Researchers at the Max Planck Institute for Biological Cybernetics (Germany), VU University Amsterdam (Netherlands) and Max Planck Florida Institute for Neuroscience (USA) succeed in reconstructing the neuronal networks that interconnect the elementary units of sensory cortex - cortical columns.
A key challenge in neuroscience research is identifying organizational principles of how the brain integrates sensory information from its environment to generate behavior. One of the major determinants of these principles is the structural organization of the highly complex, interconnected networks of neurons in the brain.
Top: Exemplary neuron reconstructions for each of the 10 major cell types of the vibrissal part of rat sensory cortex (dendrites, the part of a neuron that receives information from other neurons, are shown in red; axons are colored according to the respective cell type). Bottom: Superposition of all reconstructed axons (colored according to the respective cell type) located within a single cortical column (horizontal white lines in the center represent the edges of this column). The axons from all cell type project beyond the dimensions of the column, interconnecting multiple columns (white open circles) via highly specialized horizontal pathways.

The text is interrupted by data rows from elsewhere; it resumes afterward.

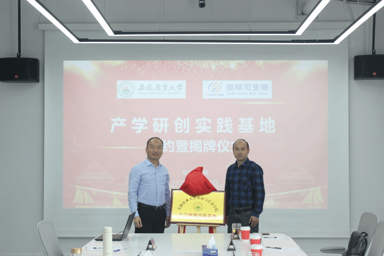 食品与营养公司党委书记孙福、副经理梁进,高学玲教授、孙玥副教授及研究生代表参加活动。安徽加味可生物科技有限公司董事长张士伟,公司经理、304永利员工王晖等企业领导参加活动。在校企双方代表的共同见证下,孙福与张士伟共同为“304永利产学研创实践基地”揭牌。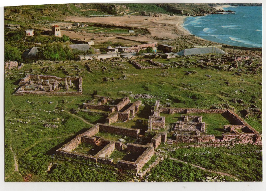 Ταχυδρομική κάρτα, χαρτόνι, 10.5×15 εκ. Αναπαραγωγή φωτογραφίας, έγχρωμη, με εικονιζόμενα τα φοινικικά χαλάσματα στη Βύβλο.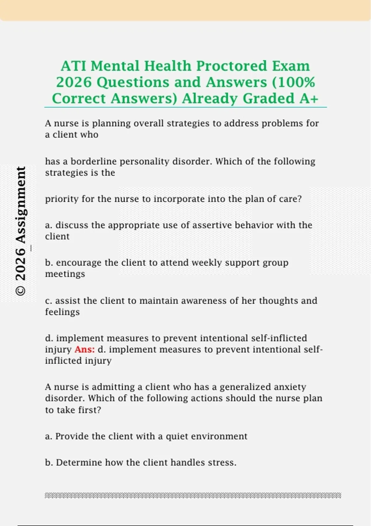 ATI Mental Health Proctored Exam 2026 Questions and Answers (100% Correct Answers) Already Graded A+
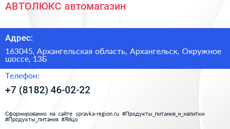 АВТОЛЮКС, автомагазин по адресу 163045, Архангельская область, Архангельск, Окружное шоссе, 13Б в дальнейшем Организация, размещена в следующих категориях: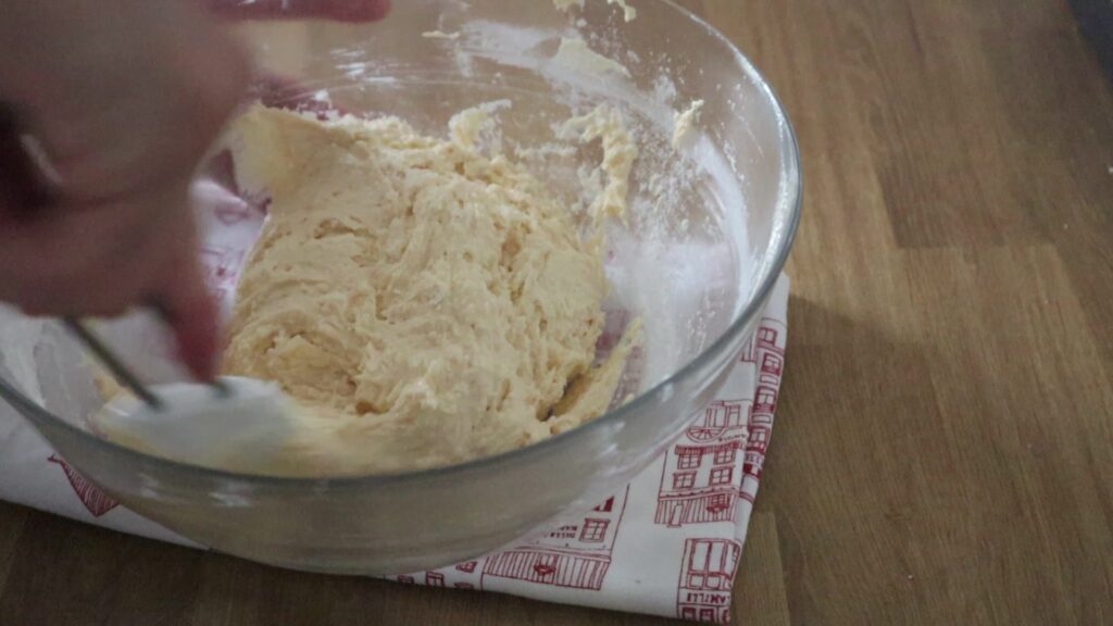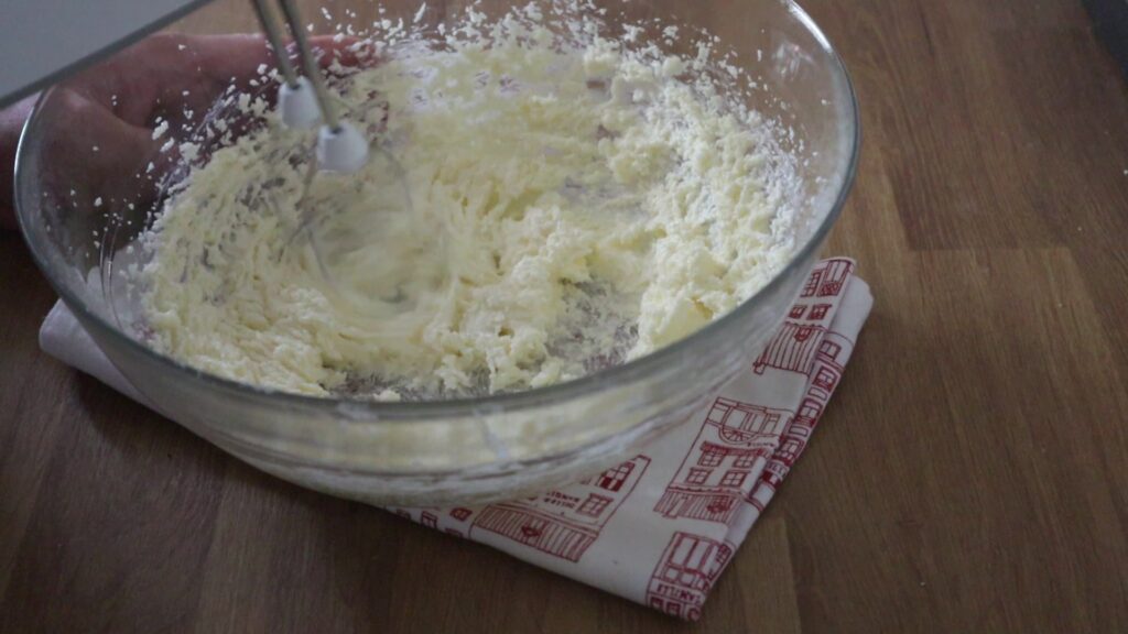 - 白くもったりするまで、3分から5分ほどハンドミキサーで泡立てる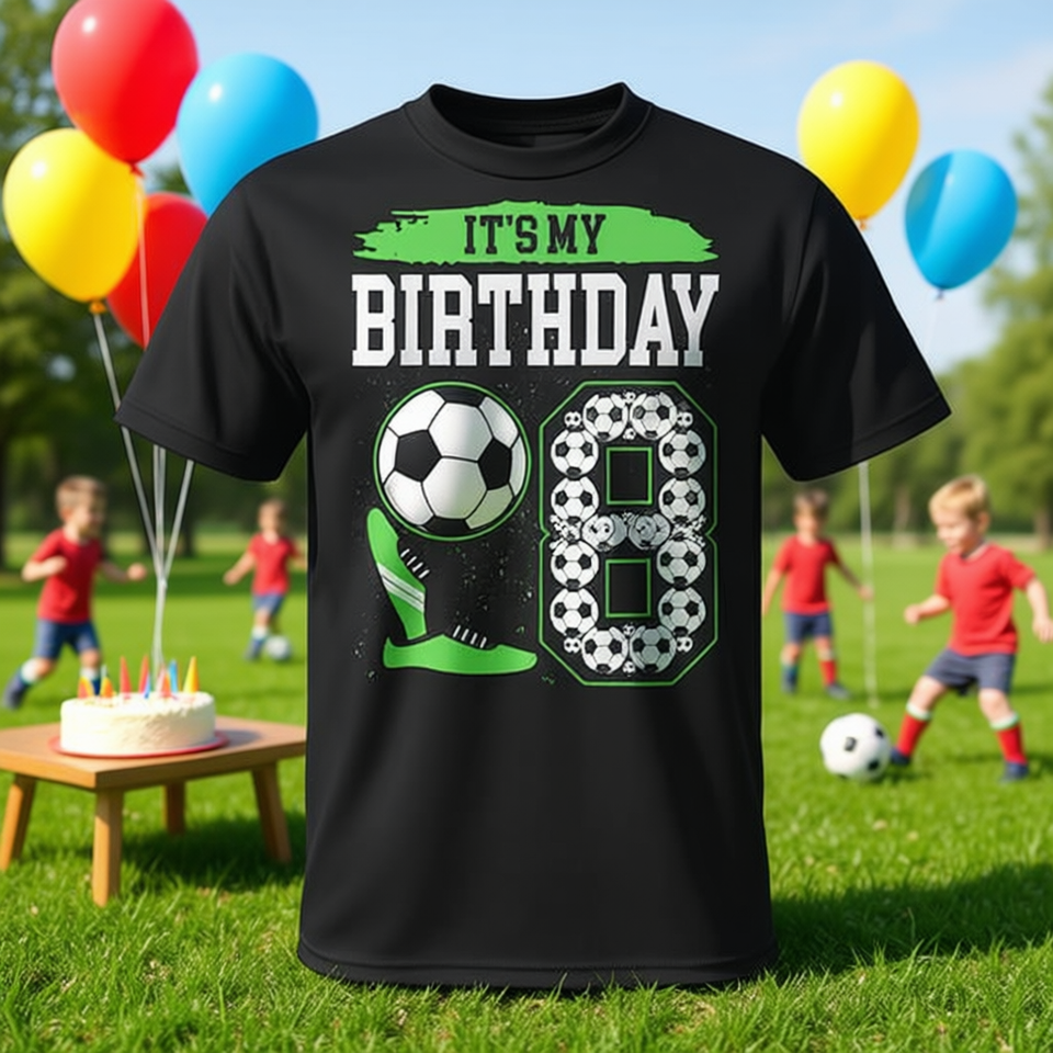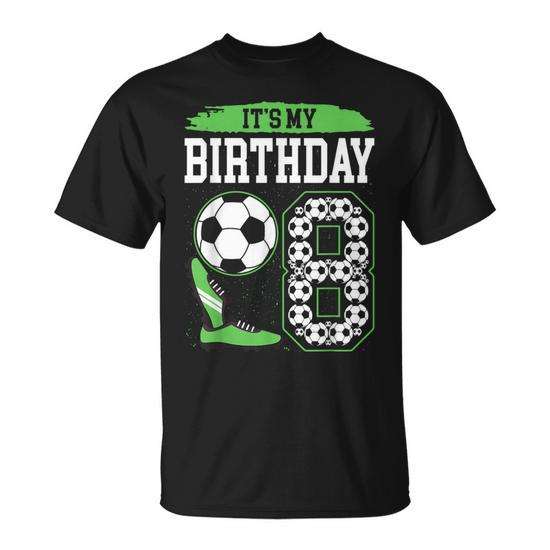 Maglietta da calcio "È il mio compleanno" per il 8° compleanno, design verde a tema calcio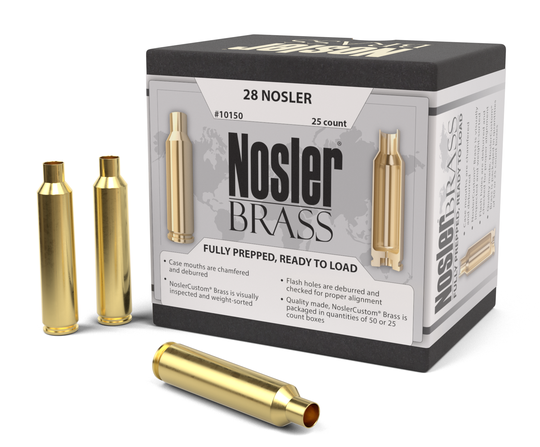 Nosler Unprimed Cases, Nos 10150 Custom Brass 28 Nosler 25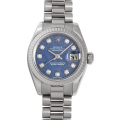 - 1945年にリリースされ、今やロレックスの顔とも言える“デイトジャスト”。金属塊から削りだした防水性の高いオイスターケース、午前0時頃瞬時に日付けが変わるデイトジャスト機構、全回転式ローターを搭載したパーペチュアル機構と、ロレックス三大機構を搭載したモデルです。こちらは珍しいソーダライト文字盤を採用し、インデックスに10粒のダイヤモンドをセッティングしたラグジュアリーな雰囲気を醸し出しているモデルです。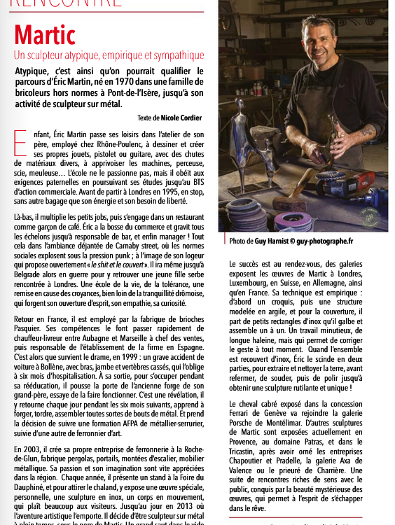 Une photographie de Martic, sculpteur sur inox, mise à l’honneur dans le magazine REGARD J’ai le plaisir d’annoncer la diffusion d’une de mes photographies consacrée à […]

Credit: Max Planck Institute Biological Cybernetics, Max Planck Florida Institute for Neuroscience
Dr. Oberlaender and his collaborators have developed novel techniques to reconstruct anatomically-realistic 3D models of such neuronal networks in the rodent brain. The resultant model has now provided unprecedented insight into how neurons within and across the elementary functional units of the sensory cortex - cortical columns - are interconnected.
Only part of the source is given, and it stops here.